This latest installment, ably directed by The Fast and the Furious-franchise vet Justin Lin with a seamless stylistic transition from Abrams’ offerings, is all-popcorn all the time with one dizzying set piece after another. In fact, the first act firefight between The Enterprise and the swarm-like armada of Krall is so manic the audience is likely in need of Dramamine for the rest of the picture. A strange hybrid of Darth Vader and The Beast from Beauty and the Beast, Krall is played adequately by an unrecognizable Idris Alba (Luther) … continuing the regrettable habit of the Abrams-era Trek films wasting fabulous actors – Eric Bana, Benedict Cumberbatch – as half-baked, forgettable villains.  Krall is after some cosmic doodad so he can destroy a Federation space station called Yorktown (if MC Escher had designed the Death Star in partnership with the Wizard of Oz and The United Colors of Benetton). Y’see, Krall hates the Federation for, in essence, stealing a plot point from the movie Event Horizon (kidding, sort of), and his scheme to destroy them borrows heavily from Return of the Jedi‘s Moon of Endor sequence with a sprinkling of Avatar‘s don’t trust anyone/unity vs. divisiveness narrative polemic. I admit that last bit resonated a bit more than it probably should have, given the GOP’s national mob rally … er … convention this past week.

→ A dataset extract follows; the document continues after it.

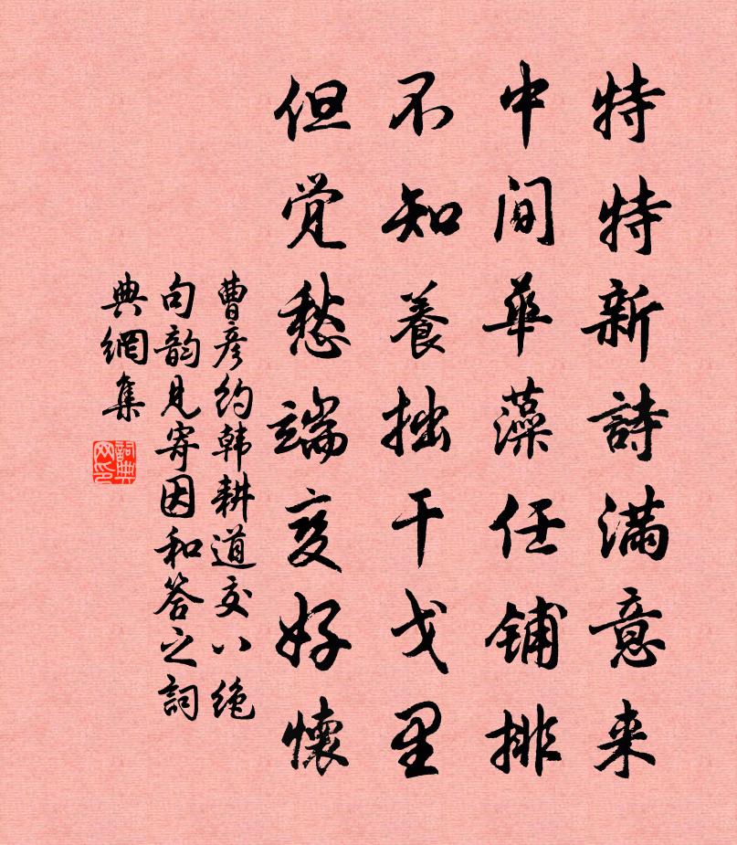 詩詞名句歷史字典書法欣賞書法字典國語詞典說文解字康熙字典古漢語字典標 題 作 者 詩 句 韓耕道交八絕句韻見寄因和答之作者:曹彥約 朝代:宋代原文特特新詩滿意來,中間華藻任鋪排。不知養拙干戈里,但覺愁端變好懷。詩詞問答問:《韓耕道交八絕句韻見寄因和答之》的作者是誰?答:曹彥約問:該詩寫於哪個朝代?答:宋代書法欣賞韓耕道交八絕句韻見寄因和答之書法作品詩詞推薦送孫公素機宜書記赴太原劉龍圖之辟強至〔宋代〕夕樓清嘯卻妖氛,越石并州晉史雲。威望裔孫行破敵,美名才子去從軍。關榆礙馬陰初合,塞草迎人綠自薰。幕下上丹霄 本名上平西 用張子云韻王丹桂〔元代〕得真閒,投真趣,傲萍蓬。任運命、否塞亨通。生涯寂淡,二十年罷倒金鐘。頭頭返照,破昏蒙、靈鑒非銅。或游春寒梅堯臣〔宋代〕春晝自陰陰,雲容薄更深。蝶寒方斂翅,花冷不開心。亞樹青簾動,依山片雨臨。未嘗辜景物,多病不能尋。倒垂柳楊無咎〔宋代〕南州初會遇。記惺惺、說底語。而今精神□,傾下越風措。雍門人獨夜,客舍停杯處。餘香應未泯,憑君重唱金縷百日假滿少傅官停自喜言懷白居易〔唐代〕長告今朝滿十旬,從茲蕭灑便終身。老嫌手重拋牙笏,病喜頭輕換角巾。疏傅不朝懸組綬,尚平無累畢婚姻。人言落花黎廷瑞〔宋代〕紅雪霏霏入燕泥,朝來猶是可憐枝。春風葵麥玄都觀,可是劉郎見事遲。春雪宋祁〔宋代〕銀礫欺春亂眼來,重陰萬里壓平台。光沈後牖將飛瓦,艷補南枝已落梅。池曲平翻冰共泮,山腰未積玉爭頹。長安送馬明府赴江陵錢起〔唐代〕陶令南行心自永,江天極目澄秋景。萬室遙方犬不鳴,雙鳧下處人皆靜。清風高興得湖山,門柳蕭條雙翟閒。黃花和石通判酌白鶴泉張栻〔宋代〕談天終日口瀾翻,來乞清甘醒舌根。滿座松聲聞金石,微瀾鶴影漾瑤琨。淡中知味誰三咽,妙處相期豈一樽。有本樂歲歌趙蕃〔宋代〕早禾登場無餘粒,晚禾結穟俱全實。如聞自入夏秋來,十日一雨晴五日。去年夏旱秋與同,早禾半獲晚禾空。未雲漢銅弩機歌呂祖謙〔宋代〕甘泉宮中烽火催,武庫掣鏁殷春雷。山西都尉部千弩,意氣欲壓天山摧。朔風慘慘隨旗尾,角聲滿天日色死。眼吞除夜書情周弘亮〔唐代〕何處風塵歲,雲陽古驛前。三冬不再稔,曉日又明年。春入江南柳,寒歸塞北天。還傷知候客,花景對韋編。送柳道時余北還(一作送觀察李判官巡郴州)戴叔倫〔唐代〕征役各異路,煙波同旅愁。輕橈上桂水,大艑下揚州。何處成後會,今朝分舊遊。離心比楊柳,蕭颯不勝秋。晴詩(一作塞路初晴)雍陶〔唐代〕晚虹斜日塞天昏,一半山川帶雨痕。新水亂侵青草路,殘煙猶傍綠楊村。胡人羊馬休南牧,漢將旌旗在北門。行子清平樂·春花秋草晏殊〔宋代〕春花秋草,只是催人老。總把千山眉黛掃。未抵別愁多少。勸君綠酒金杯,莫嫌絲管聲催。兔走烏飛不住,人生幾過臨江第八十三文天祥〔宋代〕獨帆如飛鴻,清江轉山急。回首白雲多,山寒夜中泣。橫吹曲辭。出塞竇威〔唐代〕匈奴屢不平,漢將欲縱橫。看雲方結陣,卻月始連營。潛軍渡馬邑,揚旆掩龍城。會勒燕然石,方傳車騎名。重陽日陪元魯山德秀登北城,矚對新霽,因以贈別蕭穎士〔唐代〕山縣繞古堞,悠悠快登望。雨餘秋天高,目盡無隱狀。綿連滍川回,杳渺鴉路深。彭澤興不淺,臨風動歸心。賴茲游郭希呂石洞二十詠小爛柯劉過〔宋代〕遊戲一彈棋,歲月駒隙過。不如兩忘機,石上跏趺坐。貴妃夜遊方岳〔宋代〕鳳鞾又上玉花驄,恩在君王一笑中。三十六宮瑤草碧,不知多少恨春風。名句推薦大漠風塵日色昏,紅旗半卷出轅門。王昌齡《從軍行七首》 春至花如錦,夏近葉成帷。李爽《芳樹》 世事漫隨流水,算來一夢浮生。李煜《烏夜啼·昨夜風兼雨》 物格而後知至,知至而後意誠,意誠而後心正,心正而後身修,身修而後家齊,家齊而後國治,國治而後天下平。曾子《禮記·大學》 今天下之士君子,將猶多皆疑惑厚葬久喪之為中是非利害也。墨子《墨子·22章 節用(下)》 悲吟雨雪動林木,放書輟劍思高堂。李白《留別於十一兄逖裴十三游塞垣》 長風蕭蕭渡水來,歸雁連連映天沒。盧思道《從軍行》 十二樓中盡曉妝,望仙樓上望君王。薛逢《宮詞》 雁柱十三弦,一一春鶯語。歐陽修《生查子·含羞整翠鬟》 湘西一杯酒,渺渺紅葉換。趙蕃《次韻酬吳德夫去秋送行之作》

To be honest, the plot doesn’t matter (in a good way) as the film borrows its retro structure from classic Trek episodes when the core crew gets split up planet-side and pairs off in unconventional ways to defeat the big bad wolf and demonstrate how diversity brings strength, ingenuity, and great one-liners. We get a fun new character in Kingsman‘s Sofia Boutella (“Jaylah”), a resourceful ghost-faced alien/feminist warrior with an affinity for gangster rap (“classical music” to the rest of the crew, or, as she states, “I like the beat and the yelling”) who, more or less solves every crisis single-handedly. And probably deserves her own film (#ImWithAlienHer).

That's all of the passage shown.